Exercício de desapego

Escrevi esse texto em 2008, mas a atemporalidade de seu tema me fez republicá-lo, agora, no meu próprio blog. Espero que curtam!

Meu primogênito perdeu o primeiro dente-de-leite. Cheguei de viagem a tempo de testemunhar este rito de passagem tão importante e simbólico. Ou seja: meu filho já não é mais um beibe. Ele está dizendo tchauzinho à primeira infância. Logo, logo ele não será mais meu. Deixarei de ter o domínio completo sobre beijos e abraços apertados conquistados ou roubados. Como vou poder beliscar sua bundinha magra daqui a pouco? “Qualé, mãe, se manca, não sou mais criança”.

Que missão abissal a de ser mãe. Gerar 30 mil quilowatts de dedicação e cuidados diários para que outros caminhos os levem de nós. Para que outras mulheres, amigos, cidades e famílias desfrutem daquela plantinha que você cultivou com tanto zelo.

Eva não nasceu da costela de Adão. Nenhuma mulher é parte intrínseca de nenhum homem e vice-versa. A alegoria está equivocada. Os filhos, sim, são estes seres viscerais feitos de todas as nossas partes moles, molíssimas. Fígado, rins, pâncreas, coração, tripas...Eles brotam das nossas medulas ósseas, lá do tutano, do mocotó do sentimento que unge aquele ser com milhões de gotículas de amor.

Por que se exige da mãe tal dilaceramento? Às vezes gostaria de ser apenas uma mamífera plana.
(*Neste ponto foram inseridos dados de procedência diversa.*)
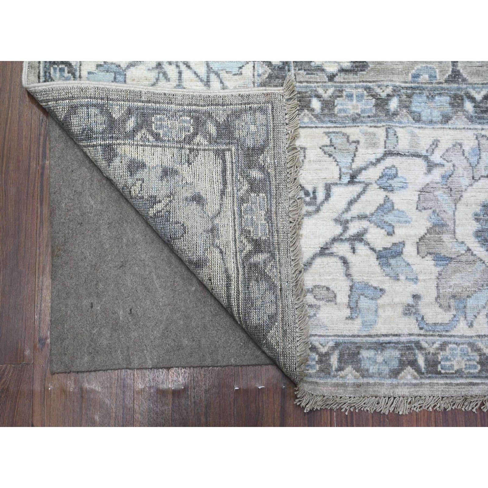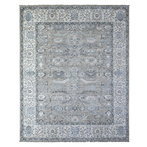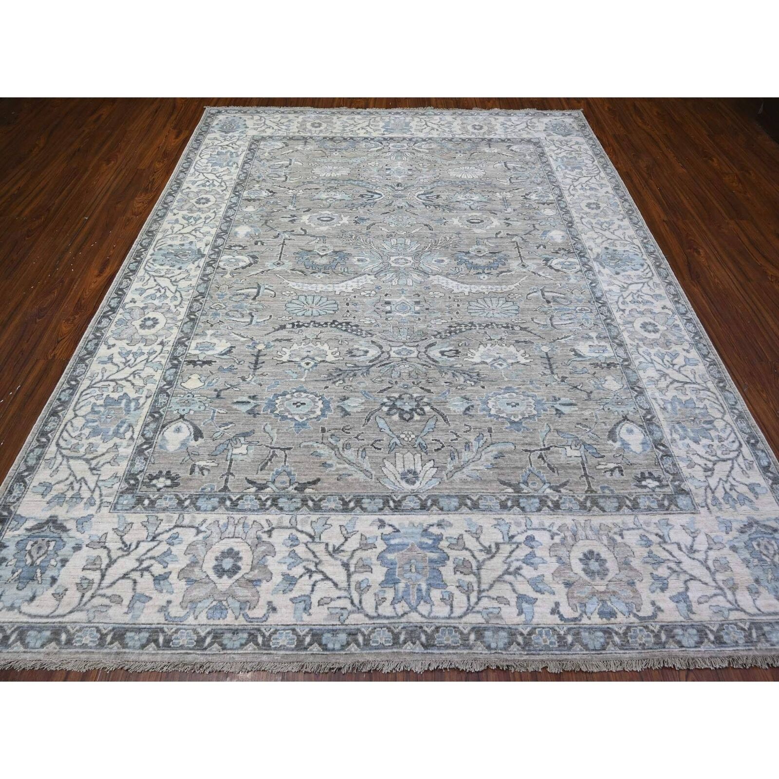 8'1"X10'1" Gray Sickle Leaf Design Hand Knotted Peshawar Heris Wool Rug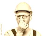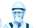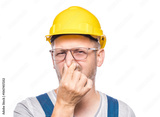 Dissatisfied construction worker holding his nose closed has disgusting expression on face, something stinky, isolated on white background. Craftsman against white wall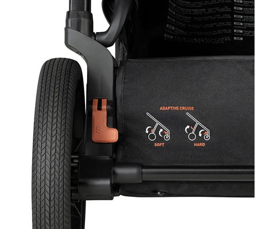 Регулируемая подвеска. Запатентованная независимая система регулировки подвески на каждом колесе обеспечивает оптимальный комфорт для ребенка в любой фазе его роста. Корректировка в зависимости от веса ребенка. Задняя подвеска в мягком режиме рекомендуется, когда ребенок еще совсем маленький. Жесткий режим рекомендуется, когда ребенок старше. Корректировка в зависимости от типа местности. Передняя подвеска в мягком режиме идеально подходит для преодоления пересеченной местности. Жесткий режим подходит для гладких поверхностей.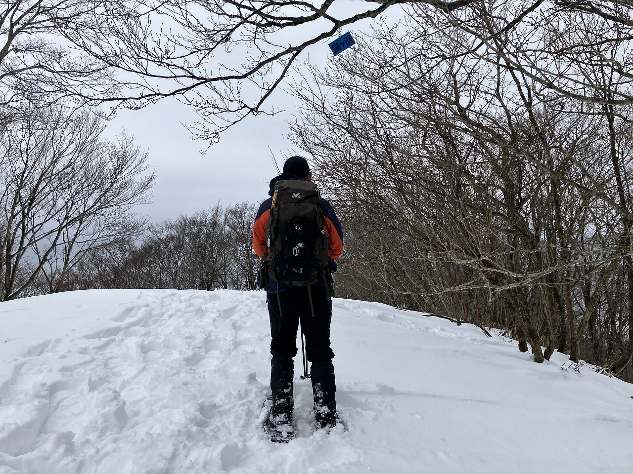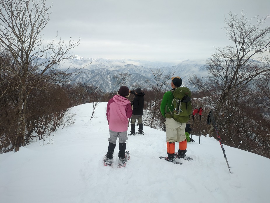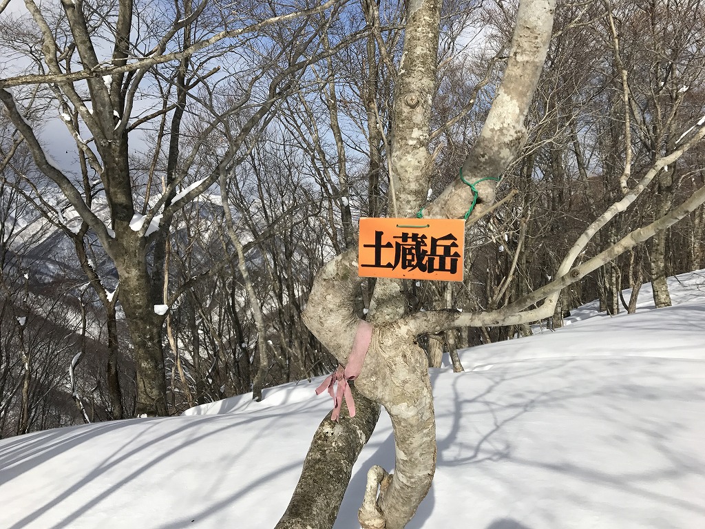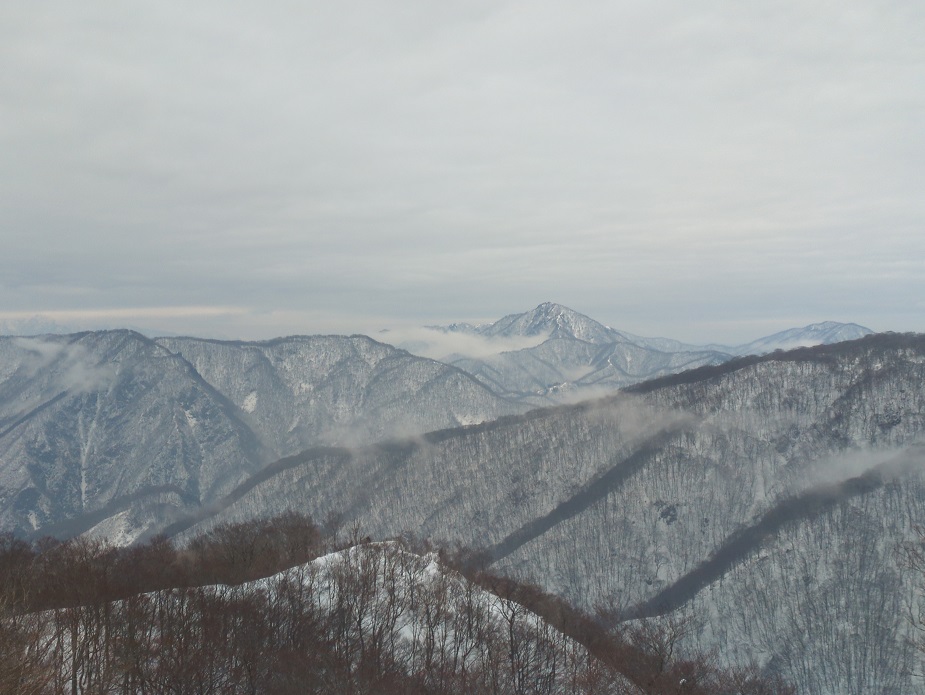 積雪が少ないので、左の木が邪魔になって、三国岳あたりがよく見えなかったですね。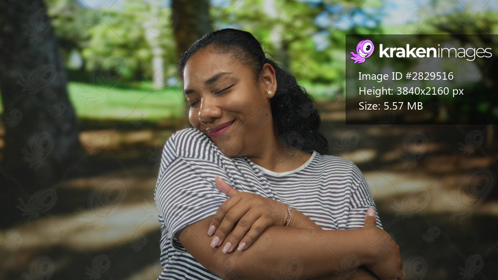 Woman hugging arms to chest in sunlit forest clearing with dappled foliage and fallen leaves; self acceptance serenity.

Uma égua que pare seus potros sem nenhum drama ou culpa e que, por isso mesmo, em pouco tempo cede o lugar de um para o outro, o outro, o outro...Não há acumulação na natureza. Só nós, mães da espécie humana, temos o arraigado hábito de nos apegar às crias para depois vê-las partir na chegada hora do voo solo. E aí pode rolar a tal síndrome do ninho vazio. Não acho que serei vítima dela, mas ainda assim me assusta pensar nos meus garotos medindo 1 metro e 90 e fazendo a barba.

Um dia destes observei uma cena densa: a mamãezinha dizia ao filho de uns três anos algo assim: “Você é a minha vida! Eu te amo! Você é a razão do meu viver!” A mesa do restaurante se inundou de calor. Achei aquela declaração de amor over demais para uma pobre criança indefesa. Jamais teria coragem de confessar isso aos meus filhos porque o ISSO é tão descomunal e desproporcional ao tamanho deles que poderia rui-los. Mas sei que é verdade. Não digo porque meu superego repressor me pede para ser menos derretida. Fico apenas no eu te amo. Acho que basta.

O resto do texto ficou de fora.